Most aussie libertarians would not be surprised to hear the argument that private gun ownership tends to dampen crime. They may however be surprised to hear the argument being put by a high profile police officer who is responsible for administering the licensing of shooters.

http://www.stuff.co.nz/4357659a11.html

15 thoughts on “Guns are good for Kiwis

  1. Can anyone here confirm that in Australia you aren’t allowed to carry anything for personal protection? I’ve been doing some research and it seems pepper spray, stun guns or anything that can be construed as a weapon is verboten to carry.

    This seems like a slap in the face to common sense and an open invitation for thugs to harass women.

  2. I can certainly confirm it. Guns are not permitted for self defence under the Australian Police Ministers Agreement in 1996 following the Port Arthur massacre. This is the origin of the “uniform gun laws” that John Howard imposed on the State governments.

    Pepper sprays, mace, stun guns etc are prohibited weapons in NSW, as are bullet proof vests. Carrying a pocket knife is also illegal. I understand most other States are the same.

    For criminals, it’s a risk free environment.

  3. I wonder if you could carry a boomerang around? With some practice, and a few sharp edges, they might be good devices.
    Alternatively, we might try double-ups. I’ve seen a few cigarette-lighters shaped like a gun. Why not have a cigarette-lighter that also doubles up as an actual gun? Any cigarette-lighter-smiths out there?

  4. I can see the arguments as to why guns are illegal (whether you happen to believe them or not), but what is the argument for bullet-proof vests being illegal? If I worked in some dangerous place that was held up often enough, I’d think about wearing one.

  5. I think the argument is that criminals wearing bullet proof vests, in a robbery for example, would be harder for police and security to deal with.

    But criminals hardly care about law in the first place… So it’s quite a dumb argument. I guess it helps punish troublesome criminals more or something? If wearing a bulletproof vest adds a year to your sentence…

    Crime shouldn’t really care about what you are wearing, however… At the least pepper spray and tasers should be legal for self-defence. In the mean time my nan carries a pepper shaker in her handbag. As we saw in Melbourne recently however sometimes self-defence can make an attack worse. But the victim should make their own judgement of the situation. Not the government.

  6. By that sort of logic, bank robbers who wear motorcycle helmets to conceal their identity should be prosecuted for wearing a helmet. Perhaps helmets should be banned for aiding an abetting bank robbers.

    Ditto baseball bats, brooms, pen knives, in fact anything that can be used for more than one purpose.

    If possums are such a plague in NZ, I wonder if we could get revenge on England for the fox and the rabbit by releasing possums into the English wilderness.

  7. Back to Terje’s point, that NZ has a very different attitude to gun control from Australia:

    I once heard Inspector Joe Green from NZ Police speak. He is no gun nut, but simply bases his advice to the government on facts and evidence.

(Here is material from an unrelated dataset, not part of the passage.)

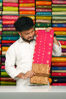 Latest Pattu Leaf Butti Gap Border Bright Pink With Green Saree

    These are quite clear – gun control does not reduce crime. In some countries (Australia and Britain included), it has been followed by higher crime levels (although correlation is not causation).

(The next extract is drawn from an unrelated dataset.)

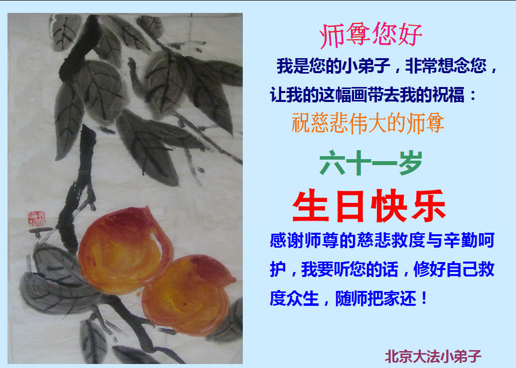 问候师父您辛苦了!我啥时候能见到您? 北京大法弟子及小弟子恭贺慈悲伟大的师尊生日快乐!普天同庆法轮大法洪传世间二十周年!

    NZ abandoned gun registration decades ago because it was a bureaucratic monster that generated no benefits. It does not ban guns based on their appearance (eg black stocks) or name (eg assault rifle). It regards using a silencer as a sign of a ‘good neighbour’.

    In 1996 the Howard government tried quite hard to convince NZ to join its “uniform gun laws”. The Kiwis told them to eff off.

    There are some aspects about NZ that I would not want to import, but on the subject of gun control NZ is a beacon of common sense.

  8. It is interesting to note that the NZ article in question turned to an Australian to get the gun-control perspective. NZ also has two libertarian leaning political parties (ACT and Libertarianz) which isn’t bad for a nation with a population smaller than Sydney. If libertarians ever wanted to stake out a homeland they could do a lot worse than New Zealand (in spite of Helen Clarke).

  9. By that sort of logic, bank robbers who wear motorcycle helmets to conceal their identity should be prosecuted for wearing a helmet.

    I don’t know if it’s an offense, Brendan, but banks do have signs saying that helmets aren’t allowed in the bank. That might just be store policy, though. They are one step ahead of you.

    NZ does sound like a nice place, though.

  10. So immigrants from Melbon will feel right at home! We’ll get them to say Goo-day before they can say ‘Buggar!’ Then australia will be greatly improved!

  11. but banks do have signs saying that helmets aren’t allowed in the bank.

    Well why don’t they have signs saying guns and bullet resistant vests are not permitted in the bank?